Culture

Festival de Venise 2017: des pépites dans le bric-à-brac de la lagune

Jean-Michel Frodon, mis à jour le 09.09.2017 à 16 h 20

Inégale et disparate, la sélection de la Mostra recèle pourtant quelques belles découvertes où, sans grande surprise, le documentaire et l'Asie se taillent les meilleures parts.

Extraits d'«Angels Wear White», «Three Bilboards Outside Ebbing, Missouri» et «La Nuit où j'ai nagé»

Extraits d'«Angels Wear White», «Three Bilboards Outside Ebbing, Missouri» et «La Nuit où j'ai nagé»

Année après année se confirme le statut compliqué du plus ancien festival du monde, la Mostra de Venise, dont la 74e édition se tient du 30 août au 9 septembre. Deux phénomènes négatifs aggravent sa situation vis-à-vis des manifestations qui lui sont traditionnellement comparées, Cannes et Berlin.

L’une est la concurrence des deux grands festivals nord-américains, Telluride, juste avant, et surtout Toronto qui commence pendant que Venise a lieu. L’autre tient à l’état de médiocrité du cinéma du pays hôte, médiocrité à laquelle l’Italie ne s’est pas résignée –alors que la Berlinale, par exemple, ne se pose pas la question de l’état du cinéma allemand et ne prétend pas s'en faire à toute force une vitrine.

La conséquence est qu’il est quasi-impossible d’émettre une opinion sur l’ensemble de la programmation, extraordinairement hétérogène et inégale.
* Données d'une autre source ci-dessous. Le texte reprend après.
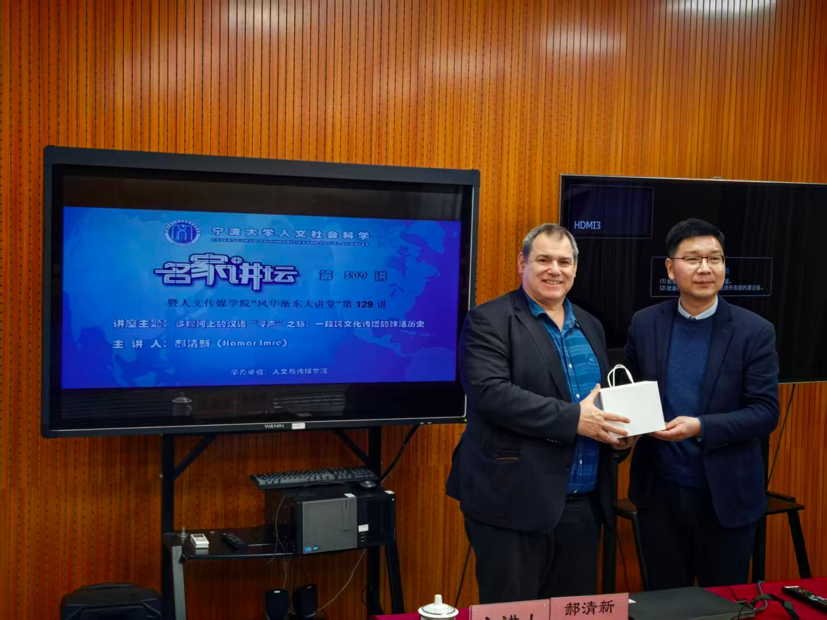 “风华浙东大讲堂”第129讲举办。匈牙利科麻豆官方网站院士、罗兰大学副校长郝清新(Hamar Imre)应邀作了题为“多瑙河上的汉语‘寻声’之旅:一段跨文化传播的鲜活历史“的专题讲座。讲座由麻豆官方网站

À mi-parcours de son déroulement, on ne peut que pointer quelques objets singuliers ayant émergé de ce bric-à-brac.

Deux documentaires d'exception

Le plus mémorable se tient en deux titres, qui malgré leurs différences considérables, relèvent du documentaire. Le premier est une pure merveille de cinéma politique au plus beau sens du mot.

Vue d'ensemble du bâtiment principal de la New York Public Library

Avec EX LIBRIS, Frederick Wiseman fait bien plus que décrire cette extraordinaire lieu voué à l’accueil des lecteurs à Manhattan qu'est la Bibliothèque publique de New York.

Séquence après séquence, chacune prenant le temps de rendre sensible une situation, le film déploie un gigantesque réseau d’action publique dont les quelque 80 implantations relevant de la bibliothèque dans tous les quartiers de New York sont les instruments. On reviendra à sa sortie, prévue le 1er novembre, sur cette fresque émouvante et précise de ce que pourrait, devrait être le travail d’une institution de la démocratie.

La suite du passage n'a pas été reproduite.